Consider the following statements
1. `sin^(-1)""(4)/(5)+sin^(-1)""(3)/(5)=(pi)/(2)`
2. `tan^(-1)sqrt3+tan^(-1)1=-tan^(-1)(2+sqrt3)`
Which of the above statements (s) is/are correct ?
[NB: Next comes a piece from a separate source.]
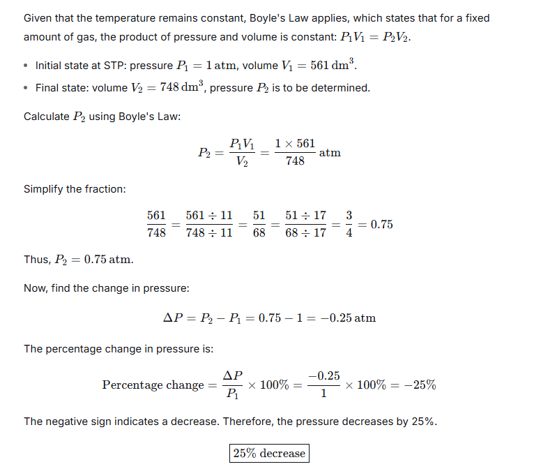 561 dm3 of a gas at STP is filled in a 748 dm3 container. If the temperature is constant, calculate the percentage change in pressure required.

To determine the correctness of the given statements, we will analyze each statement step by step. ### Statement 1: \[ \sin^{-1}\left(\frac{4}{5}\right) + \sin^{-1}\left(\frac{3}{5}\right) = \frac{\pi}{2} \] **Step 1: Use the formula for the sum of inverse sine functions.** The formula for the sum of two inverse sine functions is: \[ \sin^{-1}(x) + \sin^{-1}(y) = \sin^{-1}\left(x\sqrt{1-y^2} + y\sqrt{1-x^2}\right) \] where \( x = \frac{4}{5} \) and \( y = \frac{3}{5} \). **Step 2: Calculate \( \sqrt{1 - y^2} \) and \( \sqrt{1 - x^2} \).** \[ \sqrt{1 - y^2} = \sqrt{1 - \left(\frac{3}{5}\right)^2} = \sqrt{1 - \frac{9}{25}} = \sqrt{\frac{16}{25}} = \frac{4}{5} \] \[ \sqrt{1 - x^2} = \sqrt{1 - \left(\frac{4}{5}\right)^2} = \sqrt{1 - \frac{16}{25}} = \sqrt{\frac{9}{25}} = \frac{3}{5} \] **Step 3: Substitute back into the formula.** Now substituting into the formula: \[ \sin^{-1}\left(\frac{4}{5}\right) + \sin^{-1}\left(\frac{3}{5}\right) = \sin^{-1}\left(\frac{4}{5} \cdot \frac{4}{5} + \frac{3}{5} \cdot \frac{3}{5}\right) = \sin^{-1}\left(\frac{16}{25} + \frac{9}{25}\right) = \sin^{-1}\left(\frac{25}{25}\right) = \sin^{-1}(1) \] **Step 4: Conclusion for Statement 1.** Since \(\sin^{-1}(1) = \frac{\pi}{2}\), the first statement is correct. ### Statement 2: \[ \tan^{-1}(\sqrt{3}) + \tan^{-1}(1) = -\tan^{-1}(2 + \sqrt{3}) \] **Step 1: Use the formula for the sum of inverse tangent functions.** The formula for the sum of two inverse tangent functions is: \[ \tan^{-1}(A) + \tan^{-1}(B) = \tan^{-1}\left(\frac{A + B}{1 - AB}\right) \] where \( A = \sqrt{3} \) and \( B = 1 \). **Step 2: Substitute \( A \) and \( B \) into the formula.** \[ \tan^{-1}(\sqrt{3}) + \tan^{-1}(1) = \tan^{-1}\left(\frac{\sqrt{3} + 1}{1 - \sqrt{3} \cdot 1}\right) = \tan^{-1}\left(\frac{\sqrt{3} + 1}{1 - \sqrt{3}}\right) \] **Step 3: Simplify the expression.** Rationalizing the denominator: \[ \frac{\sqrt{3} + 1}{1 - \sqrt{3}} \cdot \frac{1 + \sqrt{3}}{1 + \sqrt{3}} = \frac{(\sqrt{3} + 1)(1 + \sqrt{3})}{(1 - \sqrt{3})(1 + \sqrt{3})} = \frac{3 + \sqrt{3} + \sqrt{3} + 1}{1 - 3} = \frac{4 + 2\sqrt{3}}{-2} = -2 - \sqrt{3} \] **Step 4: Conclusion for Statement 2.** Thus, we have: \[ \tan^{-1}(\sqrt{3}) + \tan^{-1}(1) = \tan^{-1}(-2 - \sqrt{3}) = -\tan^{-1}(2 + \sqrt{3}) \] This shows that the second statement is also correct. ### Final Conclusion: Both statements are correct.